# [Dataset records]

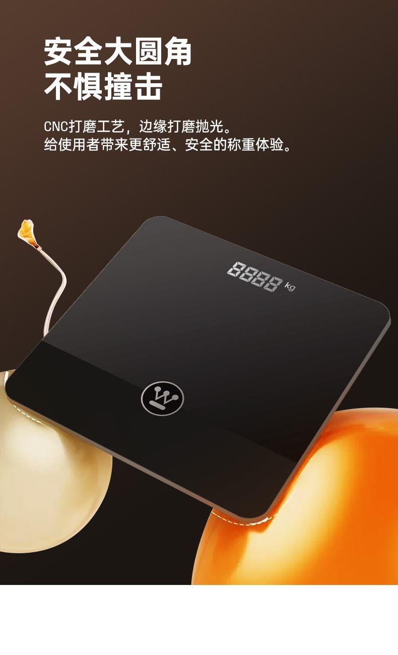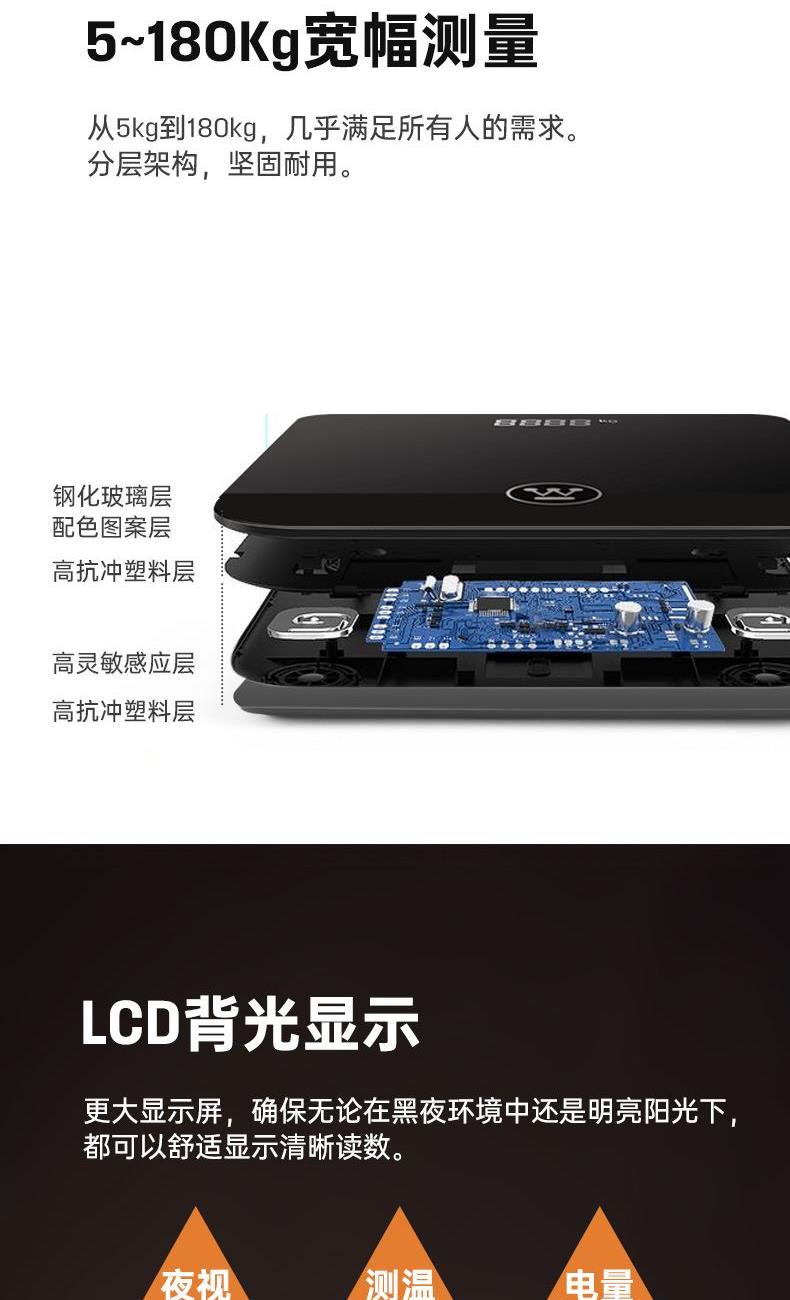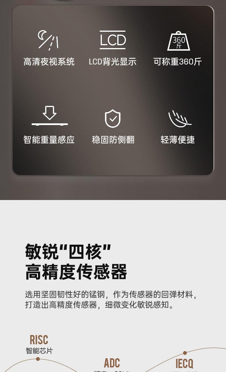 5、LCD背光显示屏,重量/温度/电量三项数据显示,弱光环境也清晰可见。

---

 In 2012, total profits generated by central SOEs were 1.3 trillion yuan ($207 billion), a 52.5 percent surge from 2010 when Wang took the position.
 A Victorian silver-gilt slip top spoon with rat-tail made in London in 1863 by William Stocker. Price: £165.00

# [What is needed]
From the entries above, restate word for word the lines from the line containing "In 2012, total" to the line containing "A Victorian silver-gilt", both ends included, and nothing more.

# [Answer for this exercise]
 In 2012, total profits generated by central SOEs were 1.3 trillion yuan ($207 billion), a 52.5 percent surge from 2010 when Wang took the position.
 A Victorian silver-gilt slip top spoon with rat-tail made in London in 1863 by William Stocker. Price: £165.00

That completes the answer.